В одном из своих ранних романов, «Остров доктора Моро», Герберт Уэллс описал, как дерзкий ученый, проводя операцию на мозге самых свирепых хищных зверей, таких как пантеры, волки и т. д., превратил их в существ, обладающих силой мысли и речи. Ему удается подавить, или, по крайней мере, усыпить на время, их кровожадные инстинкты, но он всегда боится, что они могут быть пробуждены снова, и запрещает животным, на которых он экспериментирует, касаться крови или свежего мяса. Он заботится о том, чтобы не давать никаких причин для этого запрета. Он просто издает его сурово и угрожающе. Это «Закон», неизвестная, необъяснимая, но ужасная сила, которой нужно подчиняться, потому что сопротивление подвергло бы тебя невообразимым, но ужасным бедам. Если искушение нападает на зверей, они бегут от него, шепча испуганно и предупреждающе друг другу: «Закон! Закон!». Уэллс — обученный философ, и часто говорит с иронией. Я проницательно подозреваю, что когда он пишет о таинственном «Законе», который наполняет получеловеческих хищных зверей доктора Моро суеверным ужасом, он подшучивает над «категорическим императивом» Канта.

Великая логическая ошибка в моральной философии Канта заключается в том, что он мыслит мораль как социальное или коллективное явление, и все же определяет ее как индивидуальное. Согласно Канту, категорический императив существует внутри нас. Он так же неизменен, как звездное небо над нами. Он дает нам критерий, по которому можно различать добро и зло. Его царство — наше сознание, в котором он живет и правит; он не вводится извне, он не исходит ни из какой силы или условий вне нашей личности. Тем не менее, единственный закон, который этот ультрасубъективный категорический императив навязывает нам, является самым центробежным, какой только можно вообразить: «Поступай только согласно такой максиме, руководствуясь которой ты в то же время можешь пожелать, чтобы она стала всеобщим законом». Следовательно, наше действие предназначено произвести эффект на окружающий нас мир. То, что оно «должно стать всеобщим законом», может, конечно, означать только то, что оно должно стать всеобщим законом человеческого общества, ибо Кант не мог стремиться заставить категорический императив навязывать законы звездам на их путях. Наш моральный закон, поскольку он применяется к нашим действиям, имеет дело с обществом. Когда мы формулируем его в своих умах, мы связываем его с самого начала с понятием общества, к которому он должен быть применен. Было бы логично сказать: «Твой стандарт поведения должен быть тем, что общество признает своим всеобщим законом». Но Кант ставит телегу впереди лошади и говорит, напротив: «Максимы, на которых основано твое действие, должны по твоей воле стать всеобщим законом общества».

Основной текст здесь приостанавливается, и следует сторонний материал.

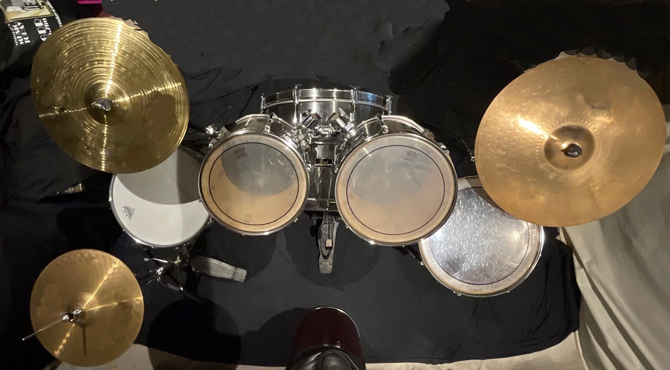 14in Hi-hats, 16in Crash, and 20in Ride Cymbal.

Другие философы избежали этой ошибки. Гегель заявляет: «Идеи долга и добродетели приобретают определенное значение и становятся прямыми представителями всеобщего духа в субъективности, которая знает, что она движима в своей цели всеобщим и осознает, что ее достоинство и ее частные цели основаны на нем, только тогда, когда человек становится членом морального сообщества». Если мы переведем этот ужасно туманный язык Гегеля на простой язык, мы обнаружим, что он означает: «Идеи долга и добродетели приобретают значение только тогда, когда они применяются к действиям совершения и несовершения индивидуального члена сообщества». (Когда Гегель говорит о «моральном сообществе», его использование слова «моральный» недопустимо, ибо он принимает как должное, что значение слова «моральный» определено и ясно понято, тогда как он должен был сначала определить его значение.) Понятия долга и добродетели означают, что индивид, предпринимая действие, думает о сообществе, что уважение к его интересам определяет его, что его действия не приобретают достоинства и ценности, пока его цель не становится интересами сообщества, что эти интересы должны совпадать с интересами индивида, если его действия в его собственных интересах должны заслужить наименования должных и добродетельных. Короче говоря: действовать морально — значит действовать так, чтобы обеспечить благополучие сообщества. Настоящий категорический императив — это социальная совесть.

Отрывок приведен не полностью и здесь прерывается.